TASK GOAL
For the entries below, print exactly the lines between the line holding "PERSPECTIVE FRONT VIEW FROM LANE (WEST)" and the line holding "Let the work", inclusive, and nothing else.

GIVEN DATA
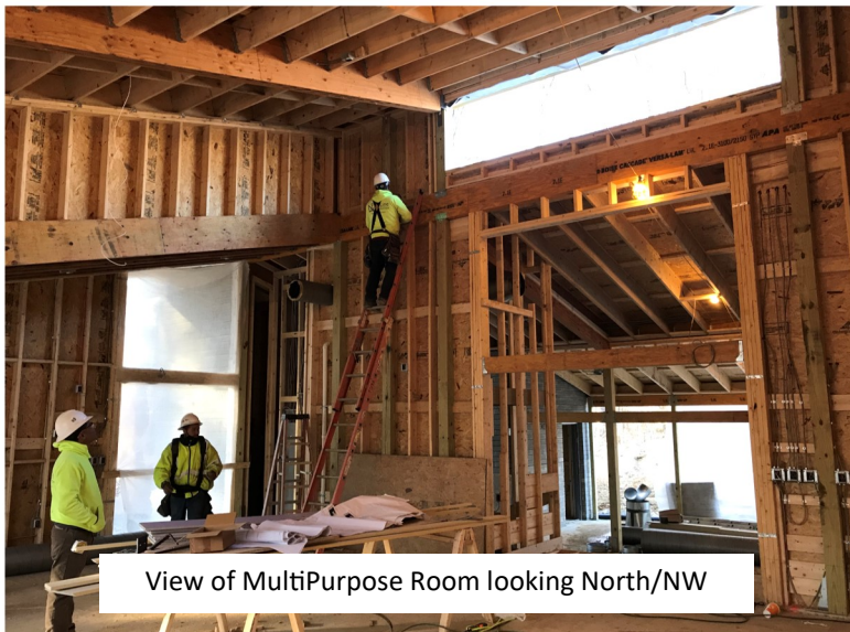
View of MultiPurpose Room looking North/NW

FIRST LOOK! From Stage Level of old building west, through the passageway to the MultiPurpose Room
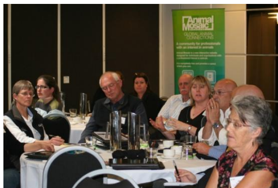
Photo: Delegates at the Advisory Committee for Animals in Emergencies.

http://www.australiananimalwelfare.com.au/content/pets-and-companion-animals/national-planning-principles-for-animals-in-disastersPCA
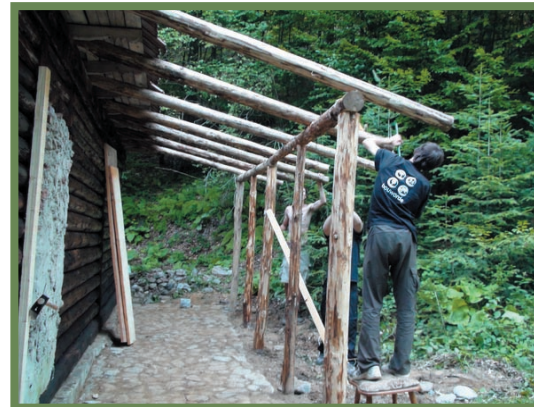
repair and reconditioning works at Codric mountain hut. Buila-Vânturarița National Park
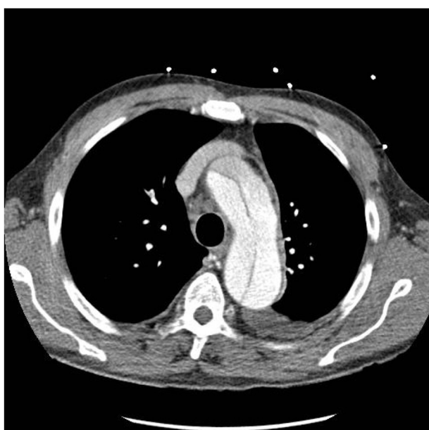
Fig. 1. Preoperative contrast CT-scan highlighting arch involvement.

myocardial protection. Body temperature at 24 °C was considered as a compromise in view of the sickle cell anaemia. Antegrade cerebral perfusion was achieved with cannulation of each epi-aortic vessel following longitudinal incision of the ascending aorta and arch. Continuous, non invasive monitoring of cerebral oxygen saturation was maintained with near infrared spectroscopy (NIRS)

...

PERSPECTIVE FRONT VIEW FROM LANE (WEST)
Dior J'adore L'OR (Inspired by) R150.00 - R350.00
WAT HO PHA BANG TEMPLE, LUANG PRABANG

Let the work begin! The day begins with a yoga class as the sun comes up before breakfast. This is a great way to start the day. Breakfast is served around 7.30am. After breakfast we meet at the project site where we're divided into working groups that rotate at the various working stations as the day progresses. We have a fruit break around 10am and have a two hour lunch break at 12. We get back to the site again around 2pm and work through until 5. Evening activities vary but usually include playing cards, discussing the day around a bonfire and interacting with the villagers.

ANSWER TO THE PROBLEM
PERSPECTIVE FRONT VIEW FROM LANE (WEST)
Dior J'adore L'OR (Inspired by) R150.00 - R350.00
WAT HO PHA BANG TEMPLE, LUANG PRABANG

Let the work begin! The day begins with a yoga class as the sun comes up before breakfast. This is a great way to start the day. Breakfast is served around 7.30am. After breakfast we meet at the project site where we're divided into working groups that rotate at the various working stations as the day progresses. We have a fruit break around 10am and have a two hour lunch break at 12. We get back to the site again around 2pm and work through until 5. Evening activities vary but usually include playing cards, discussing the day around a bonfire and interacting with the villagers.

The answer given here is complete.